Inwoners kunnen met allerlei hulpvragen terecht bij de gemeente. Maar wat als mensen niet weten waar ze precies heen moeten, niet goed doorverwezen worden of niet efficiënt geholpen worden? In een reeks portretten delen we ervaringsverhalen rondom de toegang tot ondersteuning en zorg bij gemeenten.  

Alle levensgebieden

Tijdens de schorsing is Jens een aantal weken thuis. Carla bespreekt het met een leerplichtambtenaar en een onderwijsconsulent. De onderwijsconsulent begeleidt hen naar een andere gespecialiseerde school. Carla geeft ook daar aan wat volgens haar nodig is. ‘Het liefst zag ik de ambulante begeleiding over alle levensgebieden heen, inclusief school’. De school wilde het echter eerst aankijken. Ook de gemeente vond het niet nodig dat er uitbreiding van ondersteuning op school plaatsvindt. Kort daarna escaleert het ook daar.

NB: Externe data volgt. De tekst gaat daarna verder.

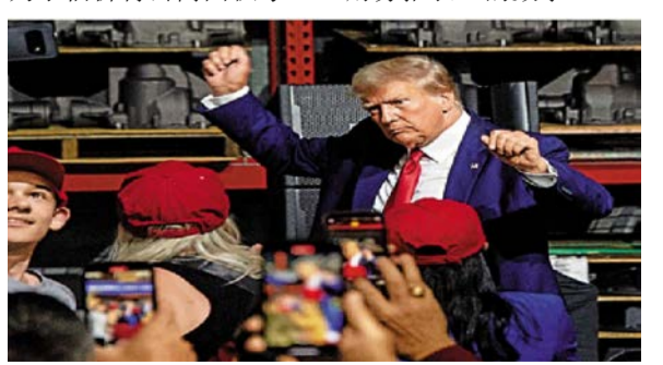
图：特朗普27日在密歇根州造势。

去年9月，纽约州总检察长詹姆斯对特朗普提起诉讼，要求对其罚款2.5亿美元，并禁止特朗普及其几位亲属经营公司。特朗普称法官对他“怀恨在心”，形容自己的身家“远超过财务报表上的数字”。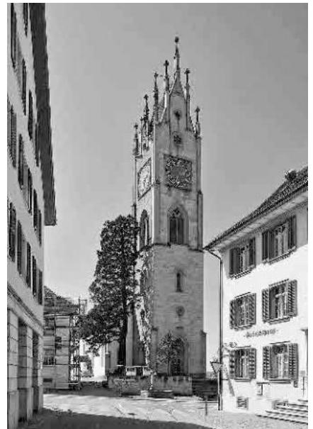
9 Neugotischer Kirchturm, 1860–63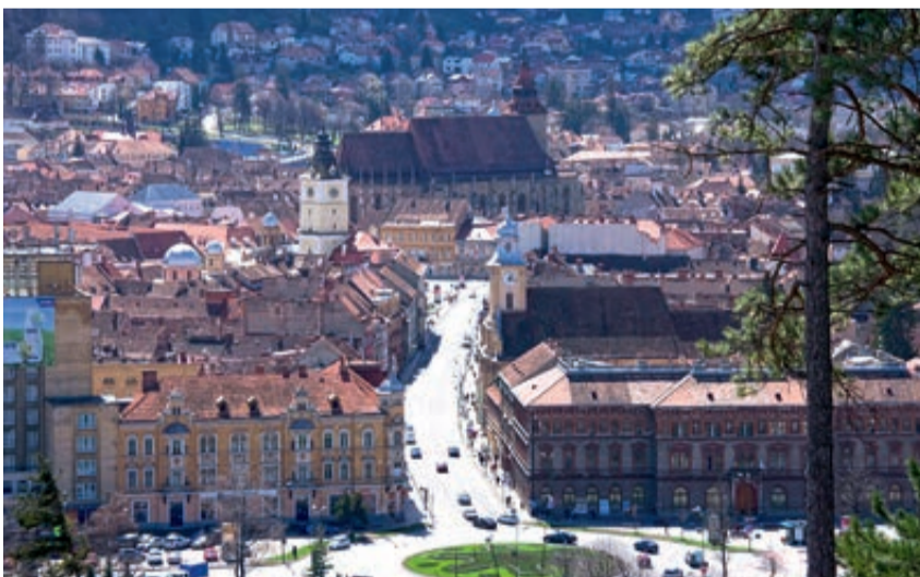
Die Klostersgasse gesehen vom Schlossberg mit der Schwarzen Kirche im Hintergrund

Wir möchten hier nicht auf alle Sehenswürdigkeiten in dieser Straße ein-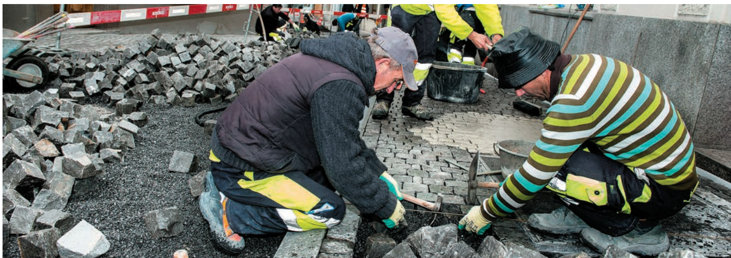
Chantier en pleine effervescence à la Zeughausgasse ..

Le caractère historique de la vieille ville a été mis en exergue par la revalorisation de la Zeughausgasse. En dépit des coûts supplémentaires par rapport au revêtement bitumineux, le travail consistant à rénover toute la Zeughausgasse avec des pierres GUBER en a vraiment valu la peine. Le traitement spécial des pierres a permis d'aménager cette ruelle en l'adaptant aux handicapés. Un peu plus de 100'000 pierres ont été posées. Une fois le travail achevé, les réactions positives de la population ne se sont pas fait attendre.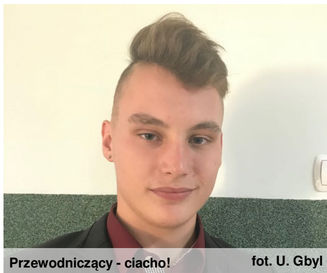
Przewodniczący - ciacho!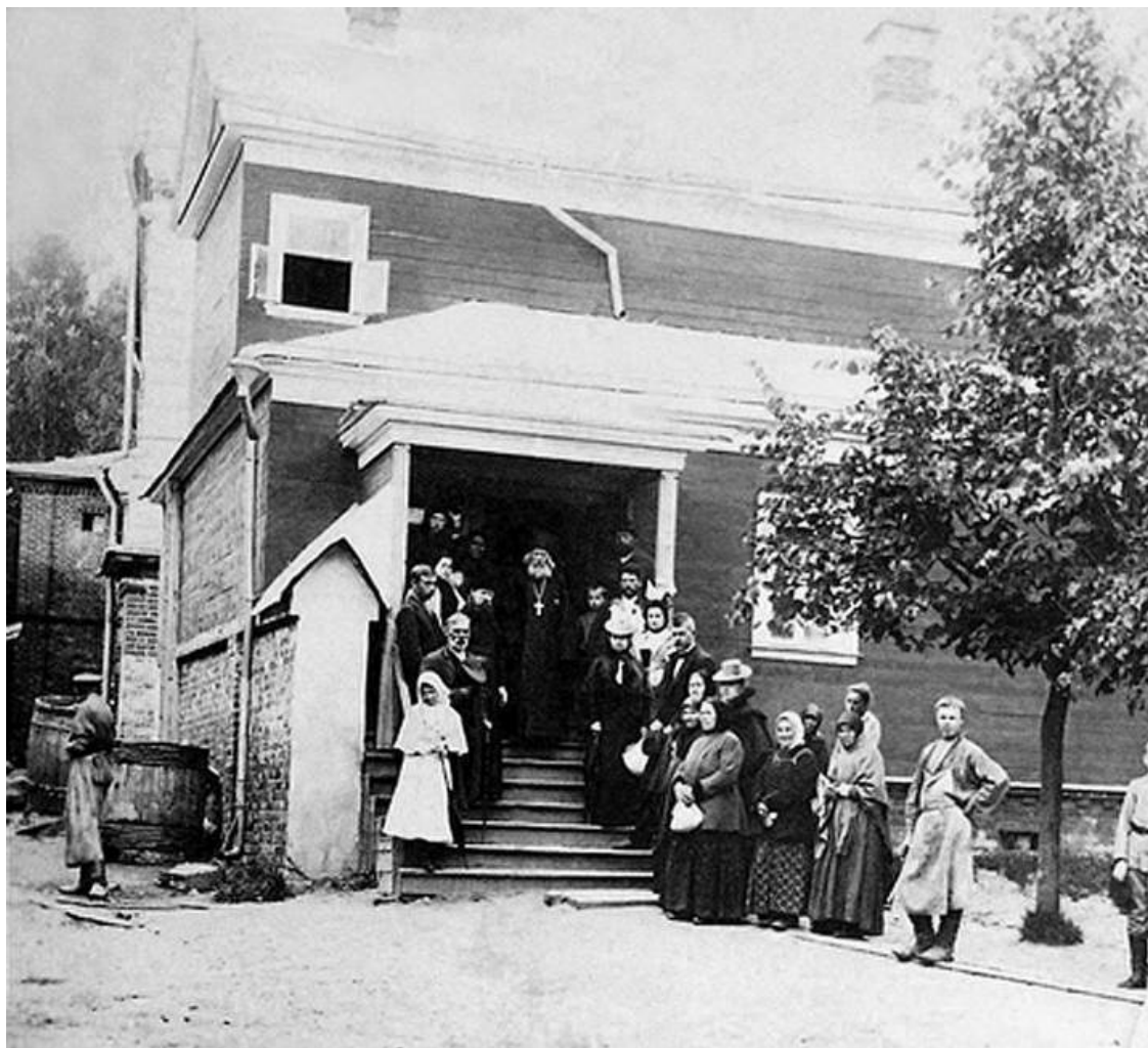
Паломники у отца Варнавы.

Для тех, кто воистину возлюбил Бога и возжаждал горнего уже на земле, великий гефсиманский старец составил правила, которые помогают подвижникам устоять в добродетели и, по возможности, избегать греха. В этих правилах он обобщил способы и средства, рекомендуемые опытными в христианской жизни и достигшими величайшей степени христианского совершенства мужами: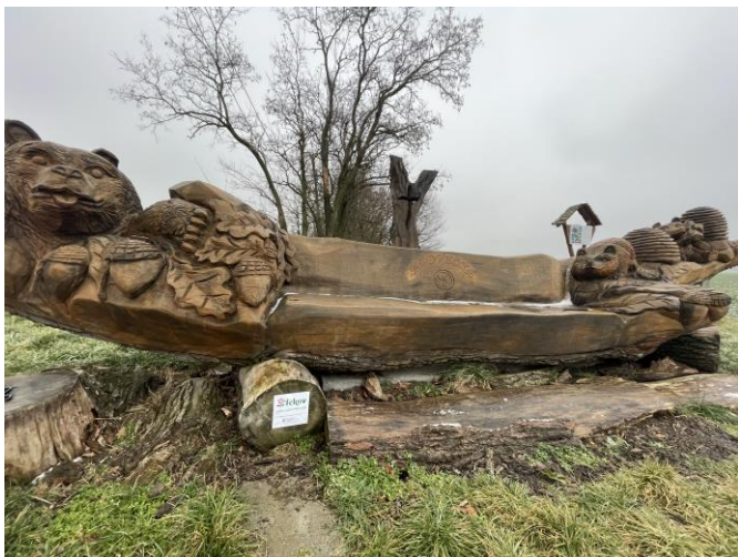
Obnova oddychovej lavice na značenej cyklotrase č. 5133

Rozvoj a obnova cykloturistickej infraštruktúry v regióne sa ukázala ako dôležitá aktivita počas uplynulých rokov. Zabezpečuje nevyhnutný rozvoj v oblasti cykloturizmu na zvýšenie návštevnosti rôznych cieľov a atraktivít regiónu a podporuje dopyt a tvorbu ponuky služieb na týchto trasách. Cieľom aktivity bolo vyrobiť nové informačné tabule na atraktívnych miestach pri značenej cyklotrase a obnoviť oddychové body v podobe lavíc alebo posedu z dubového dreva. Aktivitou sme poskytli atraktívnejšie trávený čas počas cyklotúry návštevníkov regiónu z termálnych zariadení.

Carla vindt daarna zelf een gespecialiseerde tussenvoorziening. Jens kan er niet meteen terecht en ondertussen wordt de logeeropvang niet meer toegekend. Carla zou dit binnen de familie moeten kunnen oplossen. En omdat resultaten achterblijven besluit de gemeente de ambulante hulpverlening thuis te stoppen en in te zetten op hulp vanuit een instelling. Dit terwijl de resultaten achterblijven omdat er geen extra begeleiding op school werd toegekend en juist daar de escalaties plaatsvonden die direct gevolgen hadden voor de thuissituatie.

‘Het liefst zag ik de ambulante begeleiding over alle levensgebieden heen, inclusief school.’

Fundering

Jens vertrouwde en bouwde echter op de hulpverlener. Hij is boos, verdrietig, teleurgesteld, depressief en begrijpt niet waarom hij niet gewoon naar school kan. Hij zit thuis en valt in een steeds groter gat. ‘Alsof zijn fundering wegvalt’, aldus Carla. In de periode erna gaat Jens van de ene jeugdzorginstelling naar de andere, soms ook naar crisisafdelingen of op afdelingen voor jongeren met zware gedragsproblemen, verslavingsproblematiek of crimineel gedrag. Dit terwijl er behandeling noodzakelijk is vanuit de jeugd-GGZ. Alle wisselingen en de instabiliteit hebben alleen maar meer escalaties tot gevolg. Het werkt averechts op zijn angsten. Jens krijgt angstaanvallen, zijn hoofd zit vol. Hij heeft de behoefte om daarover te praten, maar groepsleiders geven aan dat daar geen tijd voor is. Uiteindelijk leidt het bij Jens tot meerdere suïcide pogingen en enorme woede uitbarstingen.  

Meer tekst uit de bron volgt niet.